Stored dataset items
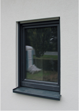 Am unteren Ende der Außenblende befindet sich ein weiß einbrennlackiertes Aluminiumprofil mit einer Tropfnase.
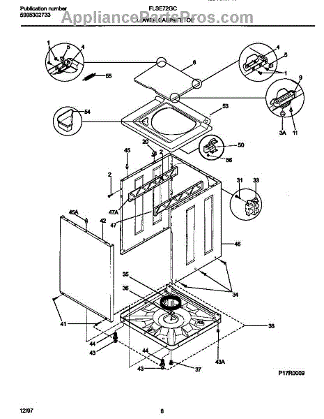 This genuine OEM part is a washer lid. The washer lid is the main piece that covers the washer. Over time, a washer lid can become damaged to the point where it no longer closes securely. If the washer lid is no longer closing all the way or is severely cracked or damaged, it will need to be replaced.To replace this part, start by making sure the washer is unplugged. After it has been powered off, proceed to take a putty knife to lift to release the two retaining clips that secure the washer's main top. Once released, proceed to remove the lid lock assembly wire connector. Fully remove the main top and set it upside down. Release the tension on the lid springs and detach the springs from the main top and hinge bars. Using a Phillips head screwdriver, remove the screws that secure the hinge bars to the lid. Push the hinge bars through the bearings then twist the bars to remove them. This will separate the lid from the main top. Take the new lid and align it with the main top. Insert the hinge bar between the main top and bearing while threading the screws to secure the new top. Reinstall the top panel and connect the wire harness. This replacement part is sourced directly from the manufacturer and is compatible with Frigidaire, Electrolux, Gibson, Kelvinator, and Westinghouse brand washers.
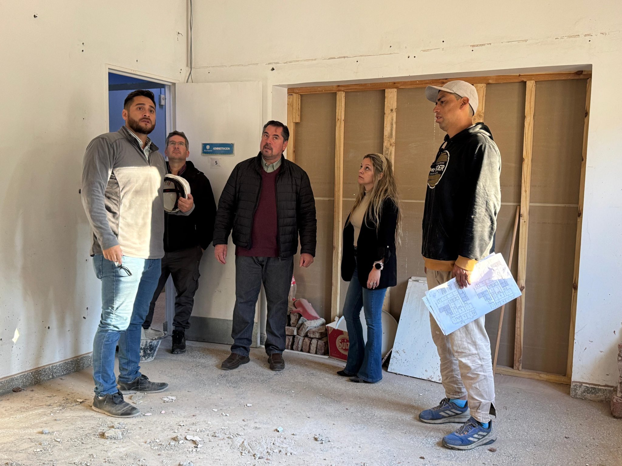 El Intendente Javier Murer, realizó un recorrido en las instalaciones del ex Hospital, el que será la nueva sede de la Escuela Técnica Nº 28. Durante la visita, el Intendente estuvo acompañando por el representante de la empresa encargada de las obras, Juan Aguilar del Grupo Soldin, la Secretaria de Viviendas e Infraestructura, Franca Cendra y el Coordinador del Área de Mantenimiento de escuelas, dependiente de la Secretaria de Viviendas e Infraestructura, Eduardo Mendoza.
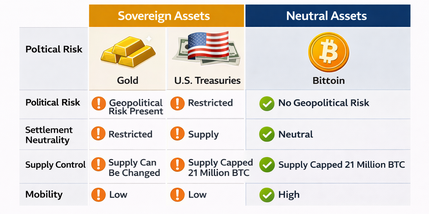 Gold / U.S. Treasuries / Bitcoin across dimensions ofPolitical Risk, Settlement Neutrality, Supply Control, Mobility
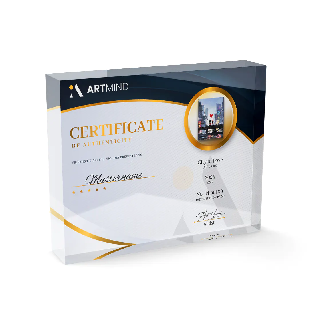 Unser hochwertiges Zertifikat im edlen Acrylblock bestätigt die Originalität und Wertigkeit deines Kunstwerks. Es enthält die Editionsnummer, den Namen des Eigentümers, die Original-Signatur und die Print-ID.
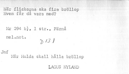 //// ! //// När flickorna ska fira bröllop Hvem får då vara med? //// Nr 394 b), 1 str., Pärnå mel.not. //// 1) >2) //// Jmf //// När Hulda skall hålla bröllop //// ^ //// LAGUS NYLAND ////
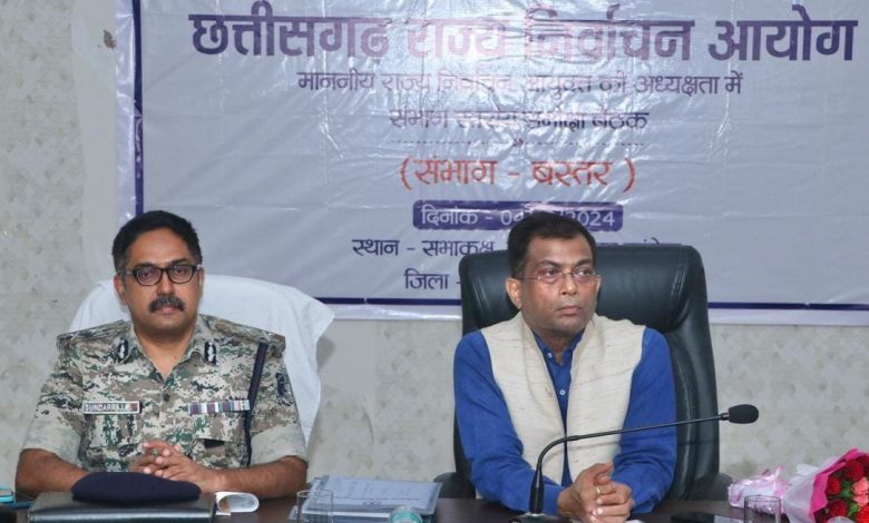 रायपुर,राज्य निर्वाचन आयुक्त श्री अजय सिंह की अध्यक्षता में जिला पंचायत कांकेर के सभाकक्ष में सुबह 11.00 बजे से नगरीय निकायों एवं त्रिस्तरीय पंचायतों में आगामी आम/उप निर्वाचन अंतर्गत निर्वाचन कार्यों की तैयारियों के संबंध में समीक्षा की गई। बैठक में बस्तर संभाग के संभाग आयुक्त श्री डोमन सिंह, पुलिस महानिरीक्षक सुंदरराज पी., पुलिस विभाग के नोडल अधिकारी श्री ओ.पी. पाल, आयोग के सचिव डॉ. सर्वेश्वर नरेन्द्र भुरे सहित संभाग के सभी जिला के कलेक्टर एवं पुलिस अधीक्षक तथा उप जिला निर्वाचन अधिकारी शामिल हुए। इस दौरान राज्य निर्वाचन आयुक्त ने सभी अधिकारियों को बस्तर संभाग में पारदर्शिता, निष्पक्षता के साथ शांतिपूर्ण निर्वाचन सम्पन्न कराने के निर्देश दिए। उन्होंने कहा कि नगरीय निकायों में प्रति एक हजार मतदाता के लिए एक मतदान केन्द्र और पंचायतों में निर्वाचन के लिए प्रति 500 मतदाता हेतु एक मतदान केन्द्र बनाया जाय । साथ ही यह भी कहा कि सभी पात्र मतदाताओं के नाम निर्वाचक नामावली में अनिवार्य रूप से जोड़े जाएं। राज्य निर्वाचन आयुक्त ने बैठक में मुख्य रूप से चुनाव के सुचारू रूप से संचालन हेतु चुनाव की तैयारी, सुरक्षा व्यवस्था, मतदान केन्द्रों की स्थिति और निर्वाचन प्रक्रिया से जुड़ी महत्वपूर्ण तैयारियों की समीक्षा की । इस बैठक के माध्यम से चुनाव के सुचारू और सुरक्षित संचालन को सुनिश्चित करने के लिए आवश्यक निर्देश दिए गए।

Problem description ->
For each record above, write it out exactly and omit any picture.

Written answer ->
 Am unteren Ende der Außenblende befindet sich ein weiß einbrennlackiertes Aluminiumprofil mit einer Tropfnase.
 This genuine OEM part is a washer lid. The washer lid is the main piece that covers the washer. Over time, a washer lid can become damaged to the point where it no longer closes securely. If the washer lid is no longer closing all the way or is severely cracked or damaged, it will need to be replaced.To replace this part, start by making sure the washer is unplugged. After it has been powered off, proceed to take a putty knife to lift to release the two retaining clips that secure the washer's main top. Once released, proceed to remove the lid lock assembly wire connector. Fully remove the main top and set it upside down. Release the tension on the lid springs and detach the springs from the main top and hinge bars. Using a Phillips head screwdriver, remove the screws that secure the hinge bars to the lid. Push the hinge bars through the bearings then twist the bars to remove them. This will separate the lid from the main top. Take the new lid and align it with the main top. Insert the hinge bar between the main top and bearing while threading the screws to secure the new top. Reinstall the top panel and connect the wire harness. This replacement part is sourced directly from the manufacturer and is compatible with Frigidaire, Electrolux, Gibson, Kelvinator, and Westinghouse brand washers.
 El Intendente Javier Murer, realizó un recorrido en las instalaciones del ex Hospital, el que será la nueva sede de la Escuela Técnica Nº 28. Durante la visita, el Intendente estuvo acompañando por el representante de la empresa encargada de las obras, Juan Aguilar del Grupo Soldin, la Secretaria de Viviendas e Infraestructura, Franca Cendra y el Coordinador del Área de Mantenimiento de escuelas, dependiente de la Secretaria de Viviendas e Infraestructura, Eduardo Mendoza.
 Gold / U.S. Treasuries / Bitcoin across dimensions ofPolitical Risk, Settlement Neutrality, Supply Control, Mobility
 Unser hochwertiges Zertifikat im edlen Acrylblock bestätigt die Originalität und Wertigkeit deines Kunstwerks. Es enthält die Editionsnummer, den Namen des Eigentümers, die Original-Signatur und die Print-ID.
 //// ! //// När flickorna ska fira bröllop Hvem får då vara med? //// Nr 394 b), 1 str., Pärnå mel.not. //// 1) >2) //// Jmf //// När Hulda skall hålla bröllop //// ^ //// LAGUS NYLAND ////
 रायपुर,राज्य निर्वाचन आयुक्त श्री अजय सिंह की अध्यक्षता में जिला पंचायत कांकेर के सभाकक्ष में सुबह 11.00 बजे से नगरीय निकायों एवं त्रिस्तरीय पंचायतों में आगामी आम/उप निर्वाचन अंतर्गत निर्वाचन कार्यों की तैयारियों के संबंध में समीक्षा की गई। बैठक में बस्तर संभाग के संभाग आयुक्त श्री डोमन सिंह, पुलिस महानिरीक्षक सुंदरराज पी., पुलिस विभाग के नोडल अधिकारी श्री ओ.पी. पाल, आयोग के सचिव डॉ. सर्वेश्वर नरेन्द्र भुरे सहित संभाग के सभी जिला के कलेक्टर एवं पुलिस अधीक्षक तथा उप जिला निर्वाचन अधिकारी शामिल हुए। इस दौरान राज्य निर्वाचन आयुक्त ने सभी अधिकारियों को बस्तर संभाग में पारदर्शिता, निष्पक्षता के साथ शांतिपूर्ण निर्वाचन सम्पन्न कराने के निर्देश दिए। उन्होंने कहा कि नगरीय निकायों में प्रति एक हजार मतदाता के लिए एक मतदान केन्द्र और पंचायतों में निर्वाचन के लिए प्रति 500 मतदाता हेतु एक मतदान केन्द्र बनाया जाय । साथ ही यह भी कहा कि सभी पात्र मतदाताओं के नाम निर्वाचक नामावली में अनिवार्य रूप से जोड़े जाएं। राज्य निर्वाचन आयुक्त ने बैठक में मुख्य रूप से चुनाव के सुचारू रूप से संचालन हेतु चुनाव की तैयारी, सुरक्षा व्यवस्था, मतदान केन्द्रों की स्थिति और निर्वाचन प्रक्रिया से जुड़ी महत्वपूर्ण तैयारियों की समीक्षा की । इस बैठक के माध्यम से चुनाव के सुचारू और सुरक्षित संचालन को सुनिश्चित करने के लिए आवश्यक निर्देश दिए गए।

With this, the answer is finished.